Some respondents raised the potential for digital technologies to support wider public legal education about the justice system. Examples such as virtual courtrooms, short videos and animations, educational apps, and podcasts can all help make learning about the justice system more engaging.
Increasing knowledge of the justice system
Respondents had mixed views on who was best placed to increase knowledge of the justice system. Some respondents felt that the government should be providing and funding comprehensive information about the legal system and supporting people to exercise their rights. Others felt that government was not always trusted by people, particularly those challenging decisions made by the state, and therefore third sector organisations were best placed to provide this information and support. Some respondents felt a partnership approach between the government and third sector was the most appropriate way to ensure people can access the information and support they need to understand and navigate the justice system.
Methods for increasing knowledge of the justice system
Respondents highlighted the need for initiatives to improve the public’s baseline understanding of the justice system and increasing knowledge to ensure people can exercise their legal rights when they need to. A range of methods were put forward, including:
- Government information campaigns;
- School curriculum, e.g. via citizenship classes;
- Court open days;
- Community outreach and information targeted to local population needs;
- Social media campaigns;
- Free online learning courses;
- Media educational products, e.g. BBC Ideas;
- Storylines in soap operas;
- Creation of a central justice hub with links to all relevant information in one place;
- Better training for the media on the impact of their reporting;
- Better training for court staff and judiciary on how to support people to navigate the justice system;
- Child-focused education for those with family members in the criminal justice system.
One respondent cited the 2019 UNODC/UNESCO report ‘Strengthening the Rule of Law through Education’ which includes measures the government could take to ensure a baseline public understanding of the justice system.

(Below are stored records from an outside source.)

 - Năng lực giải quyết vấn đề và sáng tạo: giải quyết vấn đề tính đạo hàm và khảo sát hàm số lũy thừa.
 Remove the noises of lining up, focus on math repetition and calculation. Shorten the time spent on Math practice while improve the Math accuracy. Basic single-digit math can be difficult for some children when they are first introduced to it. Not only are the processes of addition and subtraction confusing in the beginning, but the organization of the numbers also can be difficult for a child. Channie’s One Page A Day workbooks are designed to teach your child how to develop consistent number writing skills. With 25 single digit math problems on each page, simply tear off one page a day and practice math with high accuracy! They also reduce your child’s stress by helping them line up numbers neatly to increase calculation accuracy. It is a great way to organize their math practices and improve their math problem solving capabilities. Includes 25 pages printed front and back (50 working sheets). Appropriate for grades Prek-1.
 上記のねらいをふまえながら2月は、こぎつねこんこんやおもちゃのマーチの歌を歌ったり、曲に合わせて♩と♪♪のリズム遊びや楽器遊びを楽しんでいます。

Impact Assessment, Equalities and Welsh Language
Impact Assessment
An Impact Assessment has not been prepared for this Call for Evidence response paper as the focus was to gather evidence, rather than consulting on a set of proposals. Responses received to the Call for Evidence will help to inform the production of an Impact Assessment for any future policy proposals.
Equalities
Section 149 of the Equality Act 2010 requires public authorities, including the Ministry
of Justice, to have due regard to the need to:
(a) eliminating discrimination, harassment, victimisation and any other conduct that is prohibited by or under the Equality Act 2010;
(b) advancing equality of opportunity between persons who share a relevant protected characteristic and persons who do not share it;
(c) fostering good relations between persons who share a relevant protected characteristic and persons who do not share it.
An Equality Analysis has not been prepared for this Call for Evidence response paper as the focus was to gather evidence, rather than consulting on a set of proposals. Responses received to the Call for Evidence will help to inform the production of Equality Analysis when considering the likely impacts on people with protected characteristics: disability, race, gender reassignment, age, religion or belief, sex, sexual orientation, pregnancy and maternity, marriage and civil partnership of any future policy proposals.

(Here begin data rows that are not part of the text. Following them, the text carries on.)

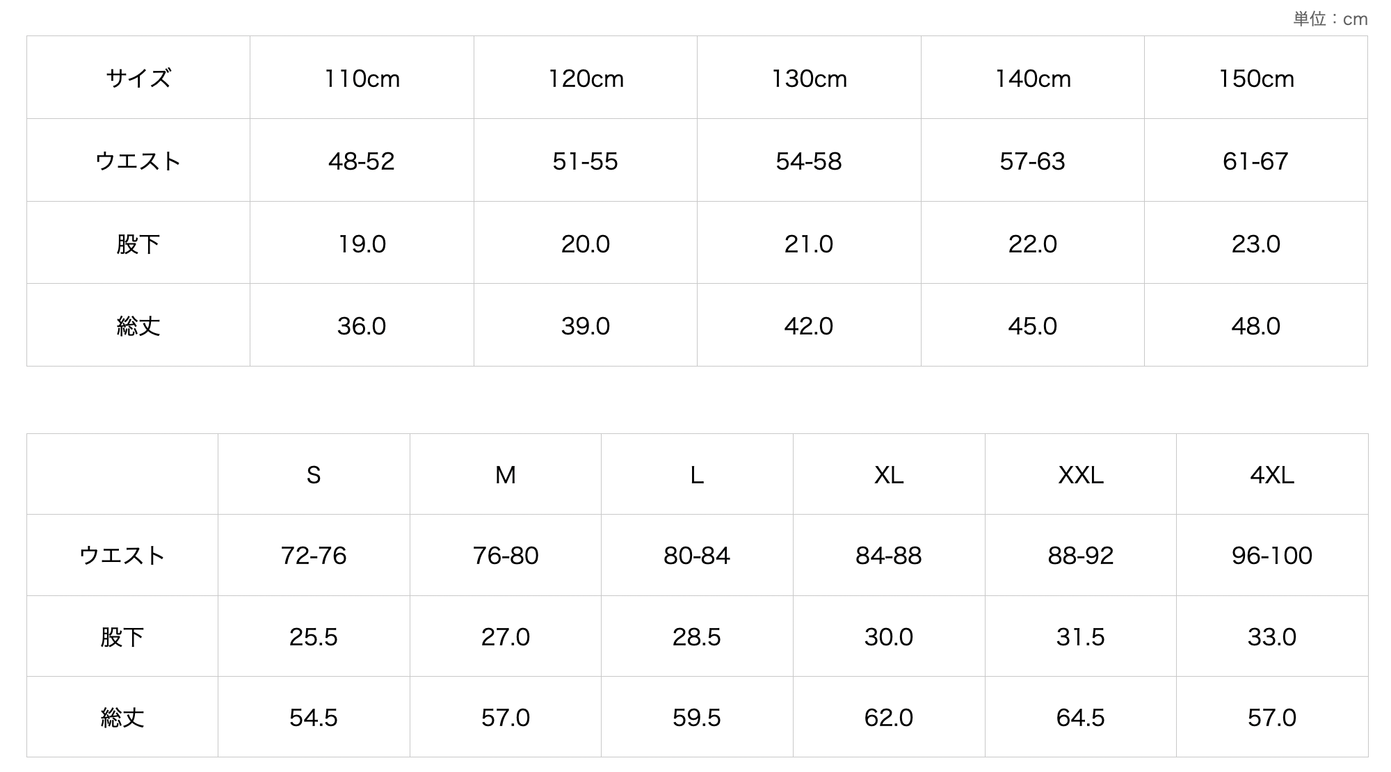 サイドポケット、ウエストゴムシャーリング+調整紐付。
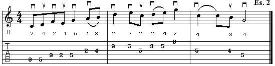 sul settimo tasto. La nota successiva, cioè il E, viene suonata normale. La sonorità di una nota eseguita con la legatura ascendente (e, come vedremo subito, anche con quella discendente),
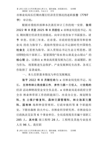 【七哥公文】2025年:市林业局局长任期内履行经济责任情况的述职报告(7797字)+更多免费公文+VX:QiGeGongWen2024
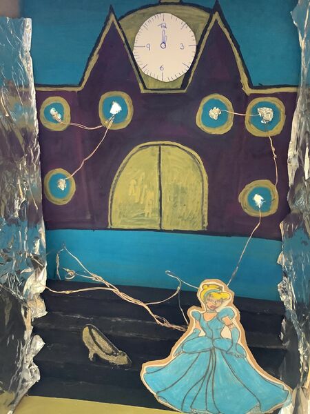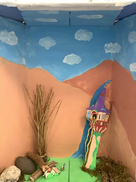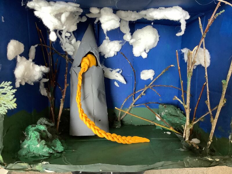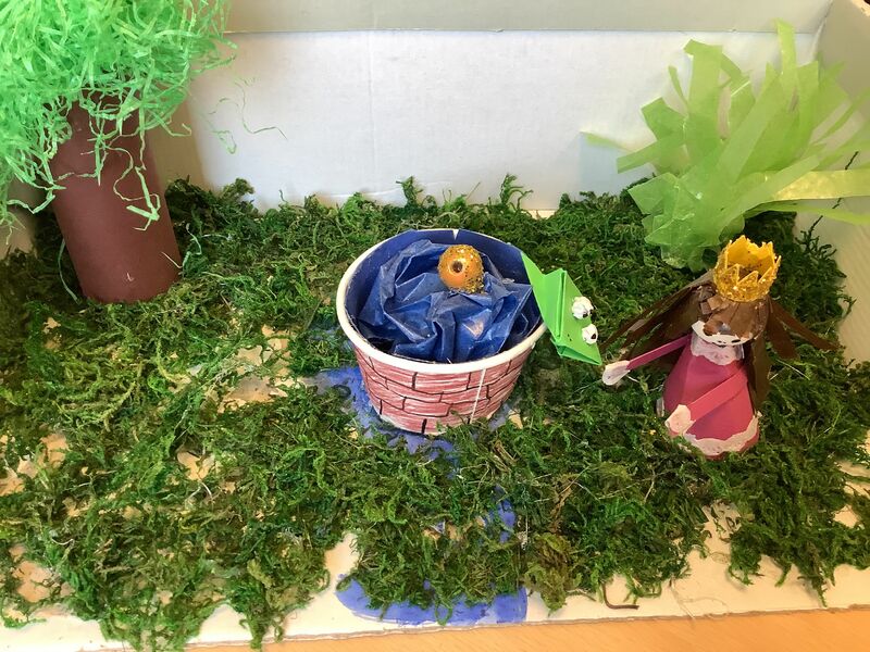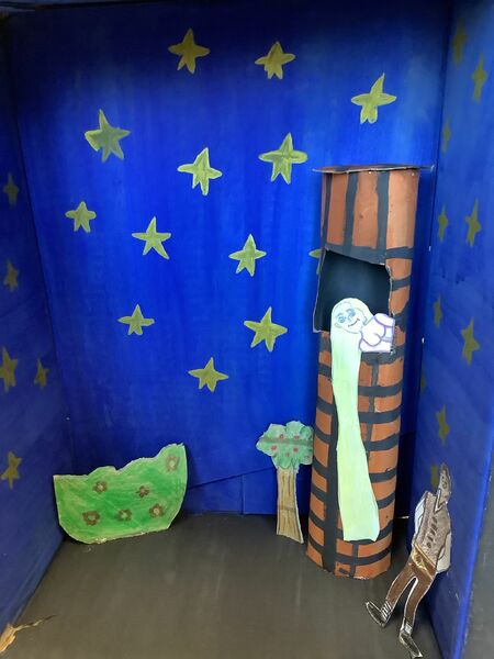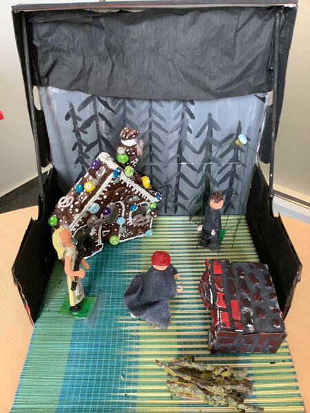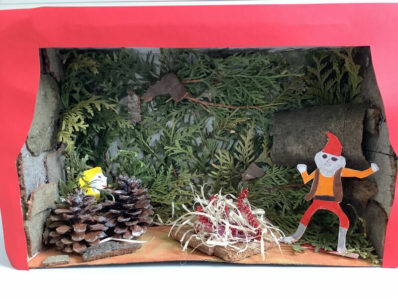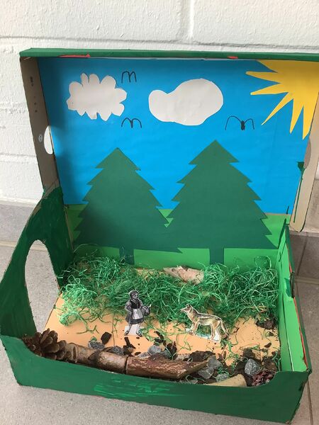 Zuerst musste ein passender Schuhkarton ausgesucht werden. Die ausgewählte Märchenszene wurde mit passenden Farben und Materialien gestaltet. Dabei war es wichtig, dass wir auch die Außenseiten des Kartons gestalteten, so dass sie nicht mehr nach Schuhkarton aussahen. Fertige Modellbauzubehör oder Spielfiguren waren nicht erlaubt. Figuren konnten wir aus Papier oder Pappe anfertigen.

Welsh Language Impact Test
A Welsh language version of this document is available at Call for Evidence document: Open Justice, the way forward - GOV.UK.
Conclusion and next steps
The Ministry of Justice would like to thank all respondents for their contribution to the Call for Evidence on Open Justice. This call for evidence will inform the government’s continuing work on supporting and strengthening the openness of our courts and tribunal services and upholding the rule of law. We will continue our engagement with interested stakeholders as we develop policies in this area.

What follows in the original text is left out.